Records from a dataset:
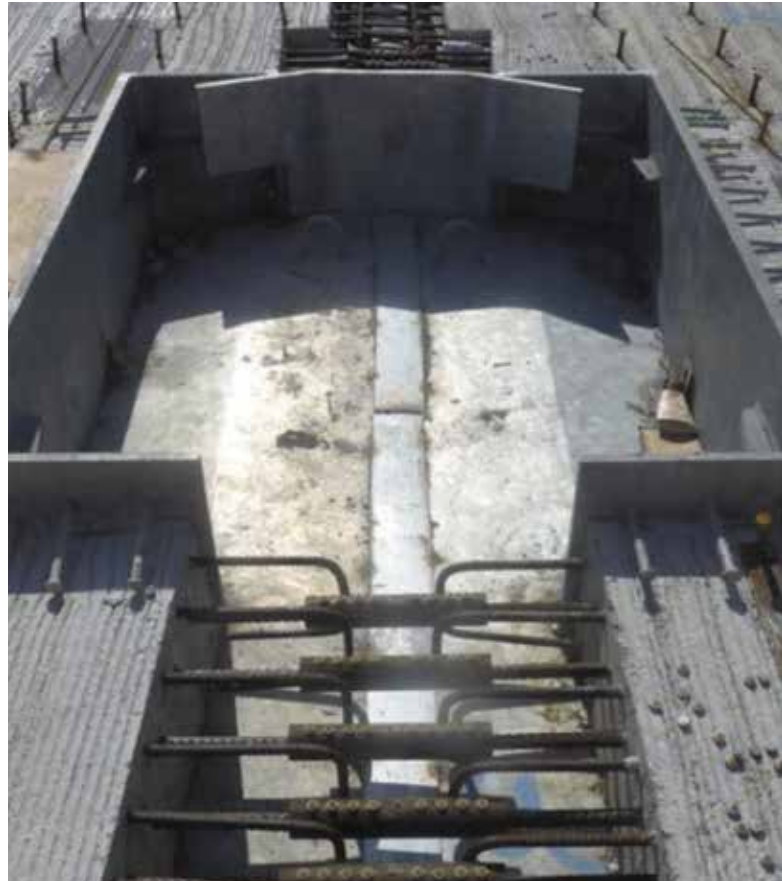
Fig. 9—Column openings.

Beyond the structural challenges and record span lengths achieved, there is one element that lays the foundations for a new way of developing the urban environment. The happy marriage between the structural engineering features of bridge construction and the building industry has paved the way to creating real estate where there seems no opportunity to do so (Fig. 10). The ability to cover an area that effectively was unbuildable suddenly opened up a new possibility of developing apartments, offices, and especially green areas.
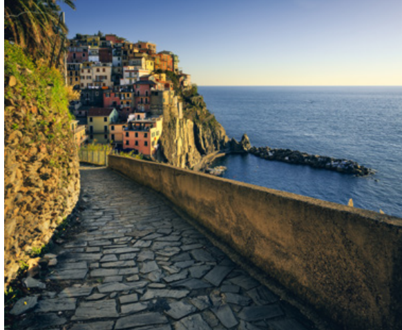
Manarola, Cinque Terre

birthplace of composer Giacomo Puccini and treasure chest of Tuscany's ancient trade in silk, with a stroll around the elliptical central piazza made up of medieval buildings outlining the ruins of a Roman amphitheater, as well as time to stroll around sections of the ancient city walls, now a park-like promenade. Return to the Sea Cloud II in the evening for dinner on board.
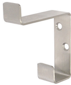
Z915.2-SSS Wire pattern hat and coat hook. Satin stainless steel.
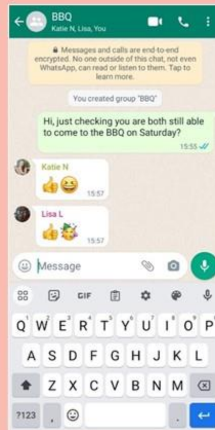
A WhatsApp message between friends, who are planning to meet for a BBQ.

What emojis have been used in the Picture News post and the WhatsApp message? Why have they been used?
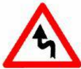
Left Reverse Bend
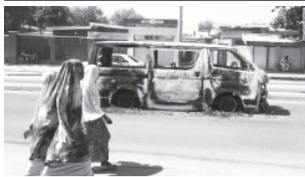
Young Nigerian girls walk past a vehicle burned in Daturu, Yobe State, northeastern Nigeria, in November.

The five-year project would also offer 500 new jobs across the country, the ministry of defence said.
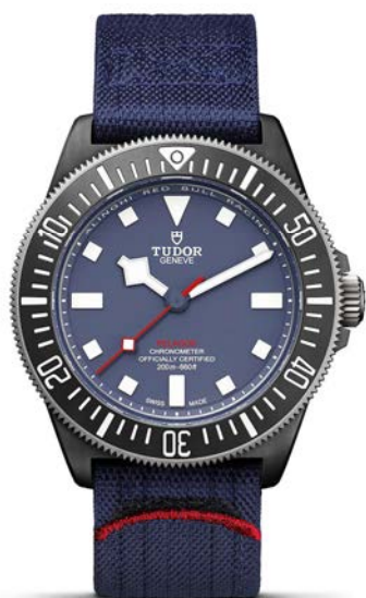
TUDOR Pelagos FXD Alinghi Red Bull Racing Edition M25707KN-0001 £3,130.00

==

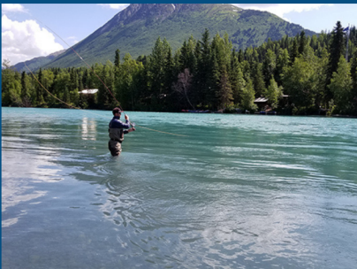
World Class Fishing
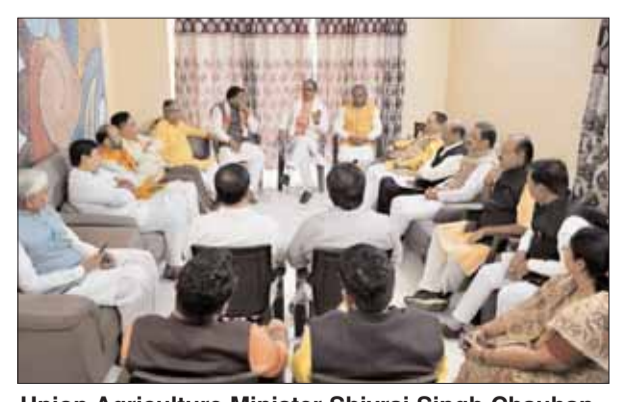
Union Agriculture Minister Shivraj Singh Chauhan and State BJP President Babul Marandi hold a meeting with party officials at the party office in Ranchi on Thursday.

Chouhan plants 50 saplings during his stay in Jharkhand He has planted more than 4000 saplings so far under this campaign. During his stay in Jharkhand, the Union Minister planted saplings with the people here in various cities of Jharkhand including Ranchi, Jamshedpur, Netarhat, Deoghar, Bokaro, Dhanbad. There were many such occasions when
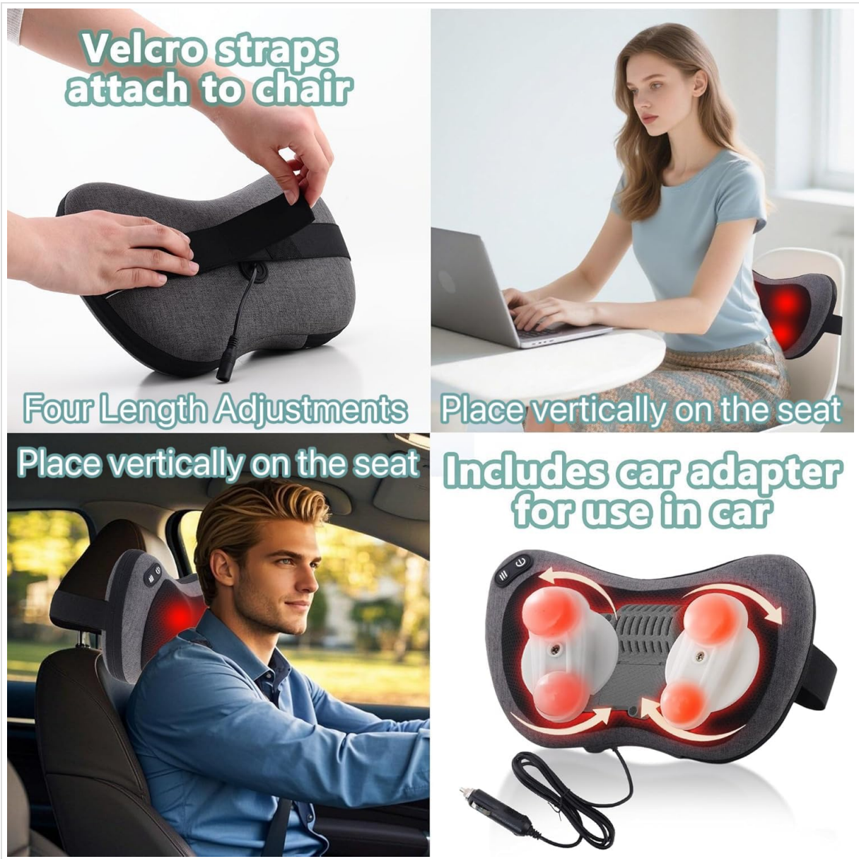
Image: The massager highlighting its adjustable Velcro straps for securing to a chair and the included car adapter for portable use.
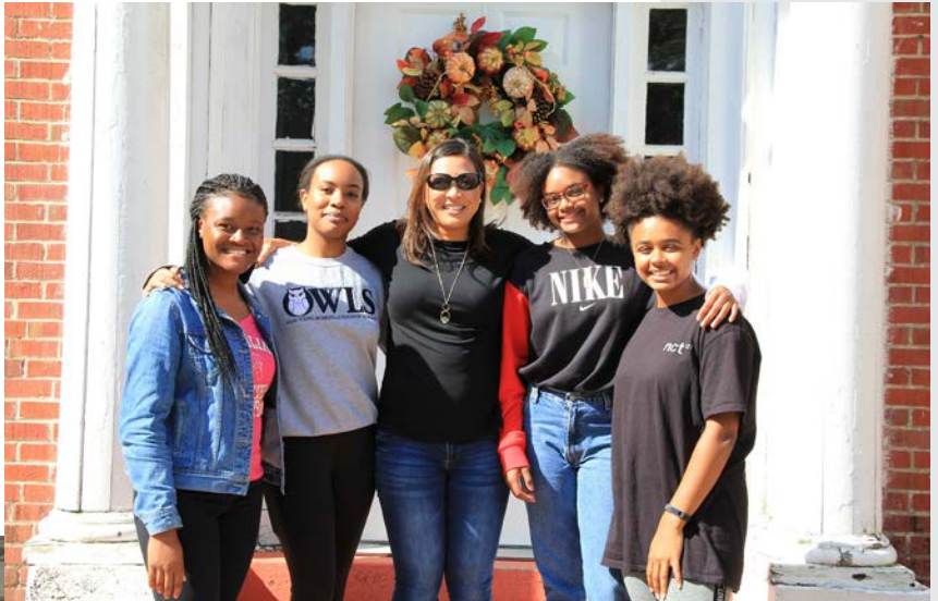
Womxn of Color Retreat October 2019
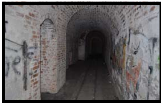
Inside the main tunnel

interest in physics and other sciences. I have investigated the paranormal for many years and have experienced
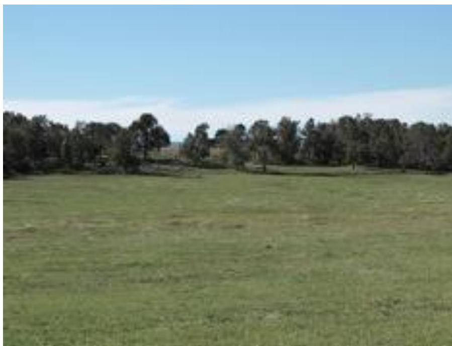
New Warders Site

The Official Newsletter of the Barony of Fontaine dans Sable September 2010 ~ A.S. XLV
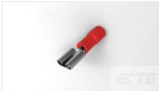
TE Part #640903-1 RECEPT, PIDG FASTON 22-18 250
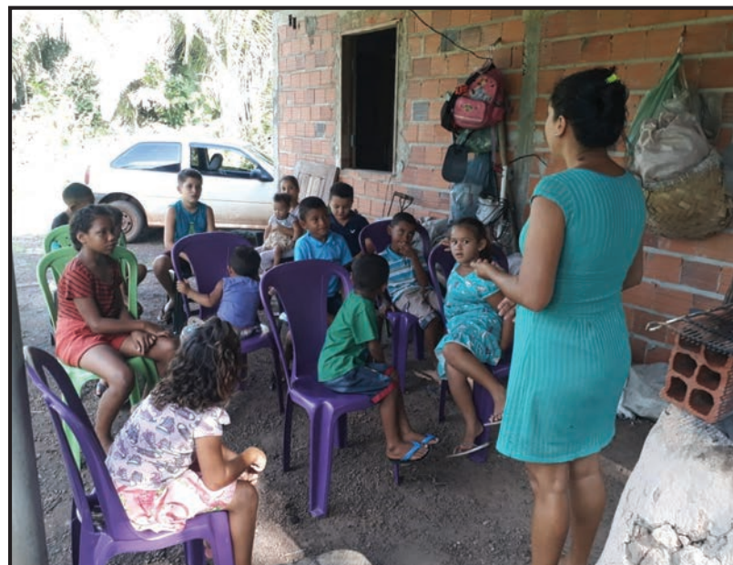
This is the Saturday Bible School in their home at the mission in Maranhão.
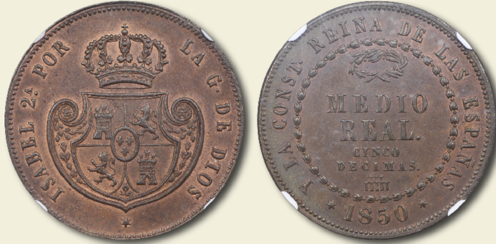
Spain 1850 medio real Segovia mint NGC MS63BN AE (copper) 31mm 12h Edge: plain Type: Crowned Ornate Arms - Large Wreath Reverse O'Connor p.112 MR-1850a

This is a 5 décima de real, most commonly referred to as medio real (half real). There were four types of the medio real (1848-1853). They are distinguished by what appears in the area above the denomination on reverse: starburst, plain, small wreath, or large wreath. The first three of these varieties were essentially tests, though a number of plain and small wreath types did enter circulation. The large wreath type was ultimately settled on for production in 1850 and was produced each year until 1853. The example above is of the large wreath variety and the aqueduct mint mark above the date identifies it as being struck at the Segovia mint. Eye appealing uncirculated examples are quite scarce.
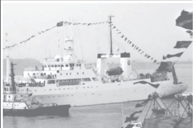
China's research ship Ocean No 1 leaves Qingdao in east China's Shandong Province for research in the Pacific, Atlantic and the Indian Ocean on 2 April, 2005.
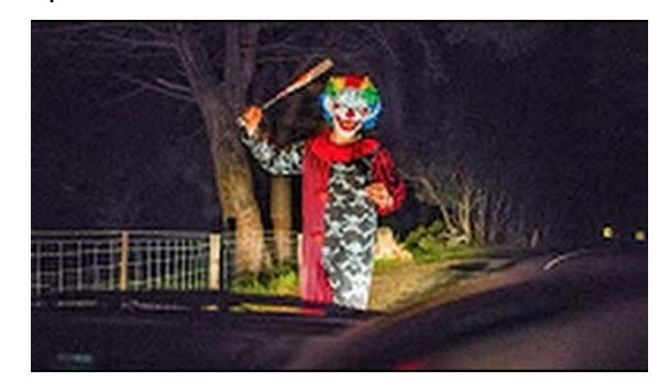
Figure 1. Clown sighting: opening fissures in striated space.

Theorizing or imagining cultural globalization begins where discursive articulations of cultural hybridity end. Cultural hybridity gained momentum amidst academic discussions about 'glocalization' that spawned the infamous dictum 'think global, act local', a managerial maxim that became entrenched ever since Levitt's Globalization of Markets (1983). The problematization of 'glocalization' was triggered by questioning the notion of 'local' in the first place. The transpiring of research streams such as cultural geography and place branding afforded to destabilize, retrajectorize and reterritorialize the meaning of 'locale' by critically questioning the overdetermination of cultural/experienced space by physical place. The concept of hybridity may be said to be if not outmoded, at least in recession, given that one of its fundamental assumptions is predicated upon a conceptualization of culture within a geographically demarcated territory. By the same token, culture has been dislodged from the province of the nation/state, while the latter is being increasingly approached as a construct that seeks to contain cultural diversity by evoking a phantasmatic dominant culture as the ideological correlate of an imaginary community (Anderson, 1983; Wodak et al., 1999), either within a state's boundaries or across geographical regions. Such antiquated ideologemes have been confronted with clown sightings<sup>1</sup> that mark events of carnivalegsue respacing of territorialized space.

==

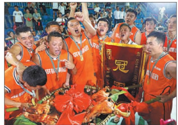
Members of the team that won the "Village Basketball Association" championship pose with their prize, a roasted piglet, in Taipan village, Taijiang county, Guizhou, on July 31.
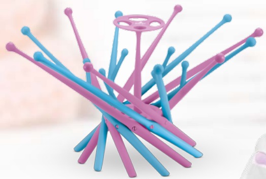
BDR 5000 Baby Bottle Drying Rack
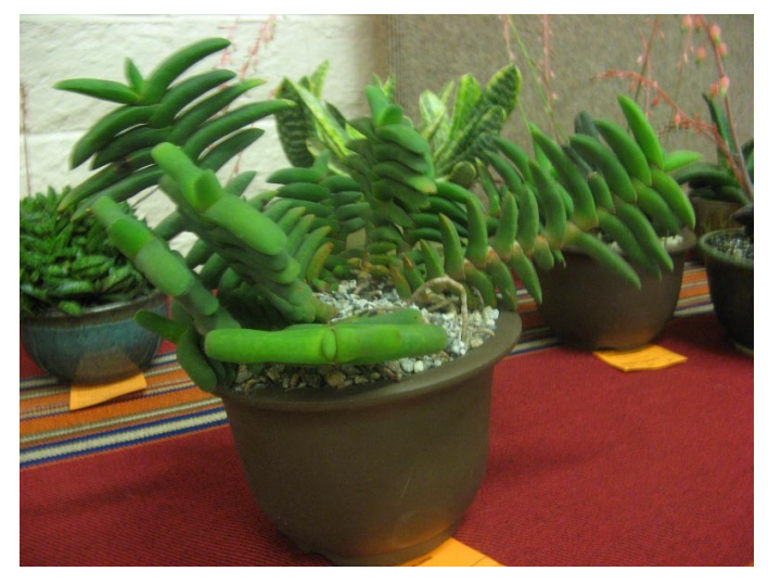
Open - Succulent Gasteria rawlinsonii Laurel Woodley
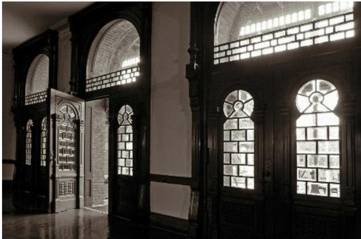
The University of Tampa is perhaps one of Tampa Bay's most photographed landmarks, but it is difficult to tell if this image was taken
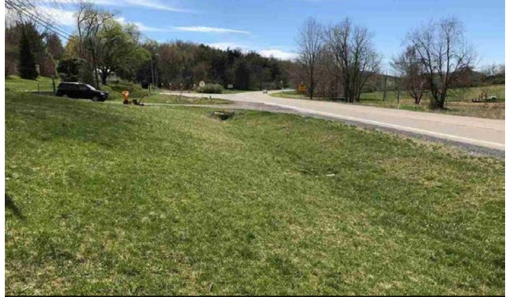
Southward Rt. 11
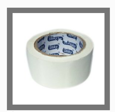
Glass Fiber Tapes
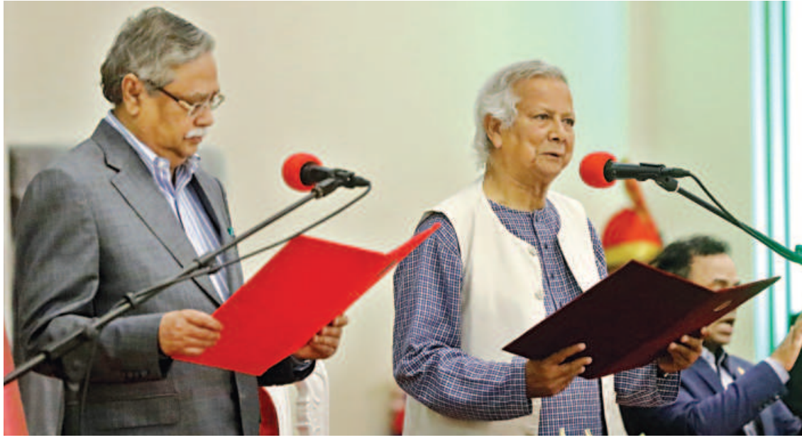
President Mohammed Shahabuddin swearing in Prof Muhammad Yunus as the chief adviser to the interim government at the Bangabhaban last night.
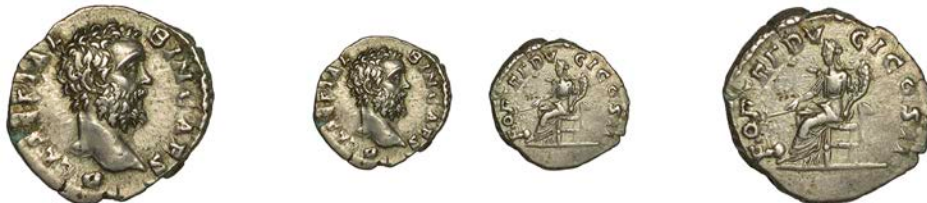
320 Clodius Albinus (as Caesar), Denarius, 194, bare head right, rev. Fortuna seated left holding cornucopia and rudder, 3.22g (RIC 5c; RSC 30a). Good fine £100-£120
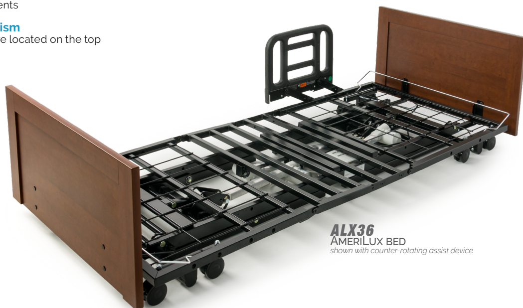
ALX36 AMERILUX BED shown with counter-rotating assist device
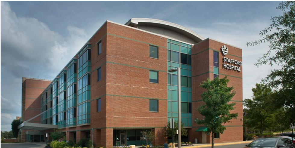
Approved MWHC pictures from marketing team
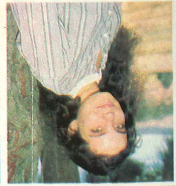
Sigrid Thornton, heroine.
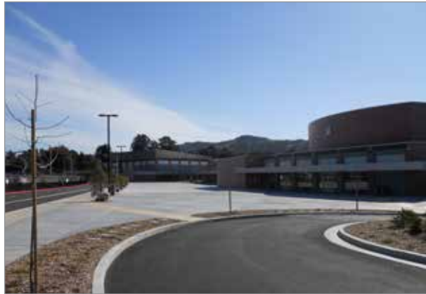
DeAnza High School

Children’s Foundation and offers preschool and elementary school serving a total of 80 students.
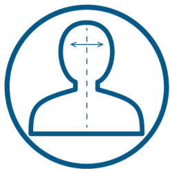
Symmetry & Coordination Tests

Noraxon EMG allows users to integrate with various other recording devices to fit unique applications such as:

→ **Task objective**
Your answer should be each line from the entries that includes the string "message".

→ **Task result**
A WhatsApp message between friends, who are planning to meet for a BBQ.
What emojis have been used in the Picture News post and the WhatsApp message? Why have they been used?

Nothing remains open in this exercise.